Ende der 70er-Jahre war das Land von politischen Morden, Sabotagen und Provokationen zerrissen. Später wurde deutlich: Hinter dem Blutbad stand eine Gladio-ähnliche Struktur des Tiefen Staates. Die Generäle des herbeigeführten Putsches traten an, „die Türkei vom Bruderkrieg zu befreien“, stürzten die Regierung, sperrten Tausende aus rechter wie linker Szene ein, brachten Dutzende an den Galgen. Nur die Islamisten blieben außen vor. Im Gegenteil: Mit Koranschulen und obligatorischem Religionsunterricht wurden sie sogar gefördert. Die USA, die nach der iranischen Revolution 1979 und dem Einmarsch in Afghanistan an Einfluss eingebüßt hatten, stützten in der Türkei ein ihnen genehmes, stabiles Militärregime. Während die lebendigen Parteien und Jugendorganisationen ausgeschaltet wurden, ließ man islamistische Netzwerke wachsen. Erdoğan ist eine Frucht dieser Saat. Sein Aufstieg verdankt sich dem Vakuum, das die ausgeschalteten Politiker hinterließen – und dem von Washington abgesegneten Projekt eines „gemäßigten Islam“. Er nutzte die Gelegenheit und etablierte sich mit offener US-Unterstützung an der Macht. Dass eine der ersten Initiativen der AKP nach dem Wahlsieg im November 2002 der Versuch war, den US-Truppen für den Irakkrieg den Weg durch die Türkei zu öffnen, sollte nicht vergessen werden. Bis heute zählt die AKP zu den engsten Partnern der Trump-Administration.

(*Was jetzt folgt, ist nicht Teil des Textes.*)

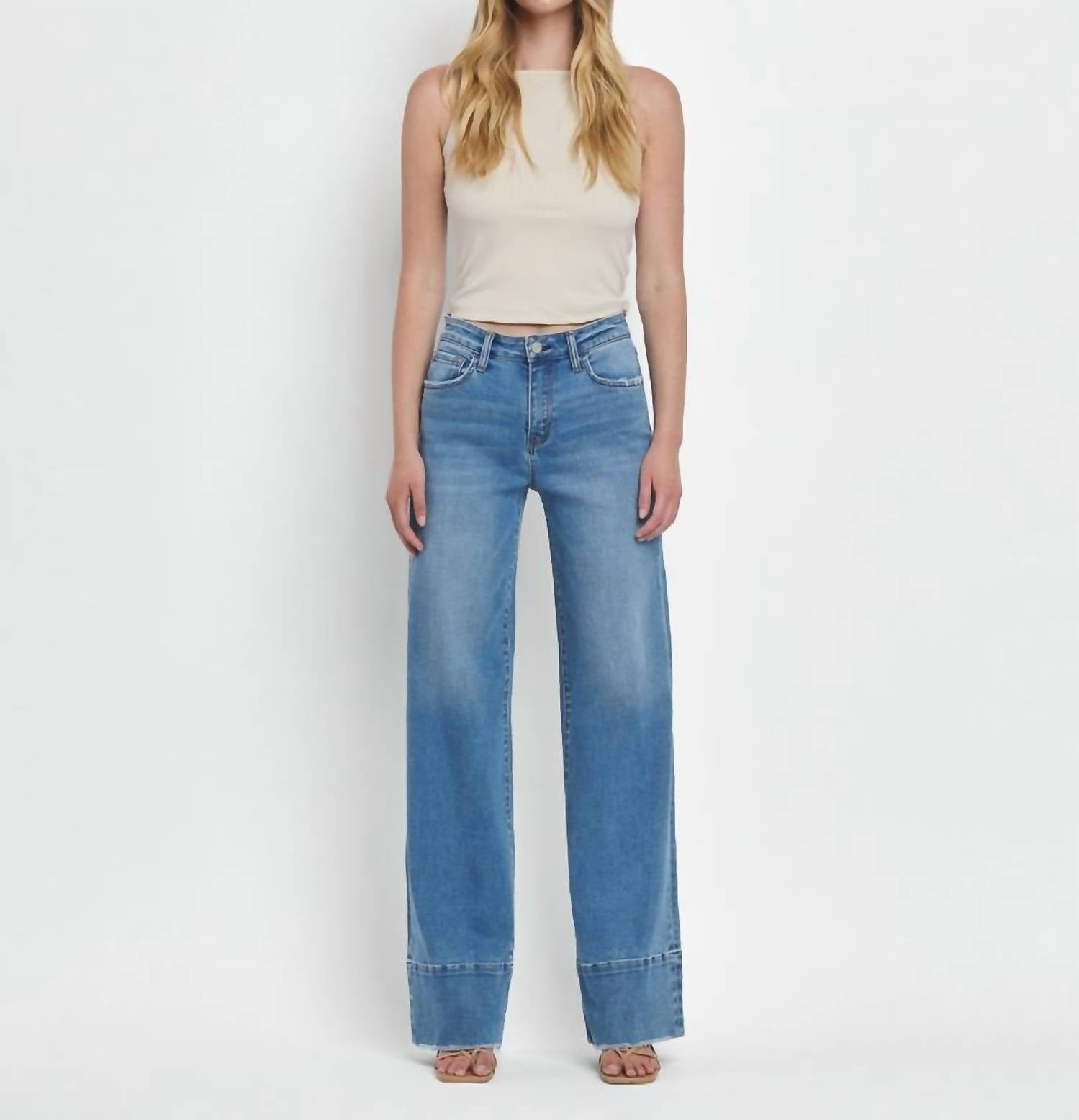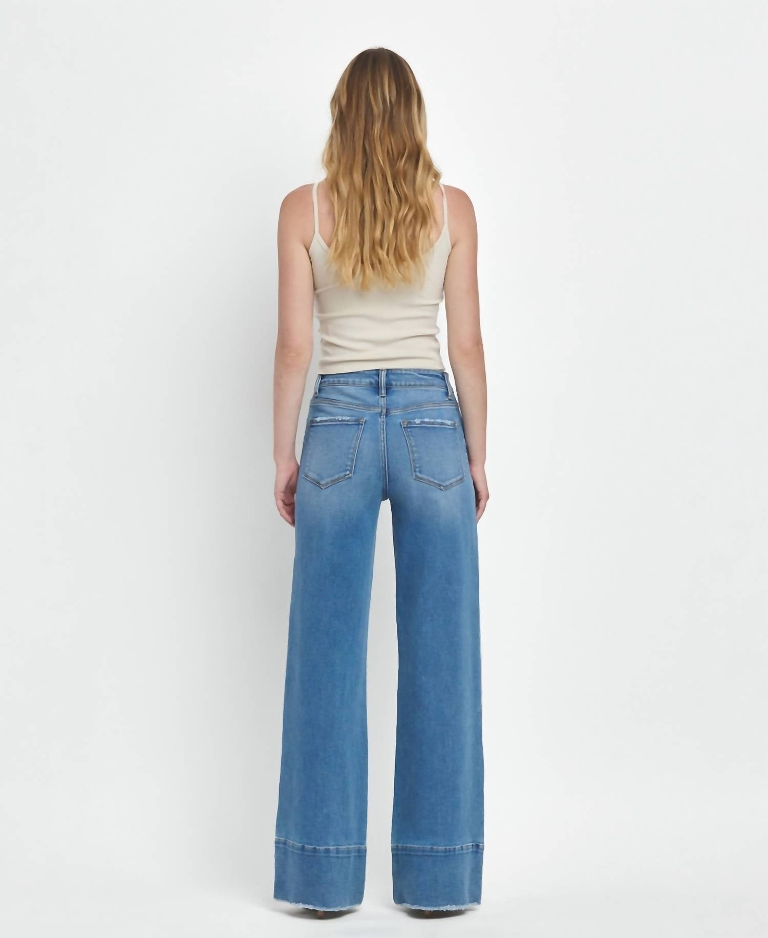 Combine esta calça jeans de perna larga com mules, slides ou suas sandálias de tiras favoritas. Apresentamos a Calça Jeans High Rise Raw Hem Wide A Line da VERVET BY FLYING MONKEY, um jeans estiloso e essencial para o seu guarda-roupa. Esta calça jeans larga e evasê vem com um ajuste confortável e comprimento total, cintura alta e bainha crua, medindo 26 cm de altura frontal, 86 cm de costura interna e 54 cm de abertura nas pernas. Confeccionada em uma mistura de 65% algodão, 30% poliéster, 3% rayon e 2% elastano, ela oferece elasticidade confortável. O fechamento é feito com zíper e esta calça jeans pode ser lavada na máquina para maior praticidade. Fabricada na China, ela foi projetada para atender à mulher moderna que busca estilo e conforto. A modelo tem 1,78 m e veste tamanho 26.

Drei Jahrzehnte nach dem Putsch setzte Erdoğan ein Referendum an – angeblich, um die Putschisten zur Rechenschaft zu ziehen. Doch unter diesem Deckmantel schmuggelte er eine Reform hinein, die ihm die Kontrolle über die Justiz verschaffte. Mit der Kampagne „Wir bestrafen die Putschisten“ wurde in Wahrheit der Rechtsstaat ausgehebelt und der Boden für das heutige Ein-Mann-Regime bereitet.
Auch 45 Jahre später ist der 12. September kein „historischer Putsch“, der in den Büchern verstaubt. Er ist ein Prozess, dessen Folgen in allen Bereichen bis heute spürbar sind.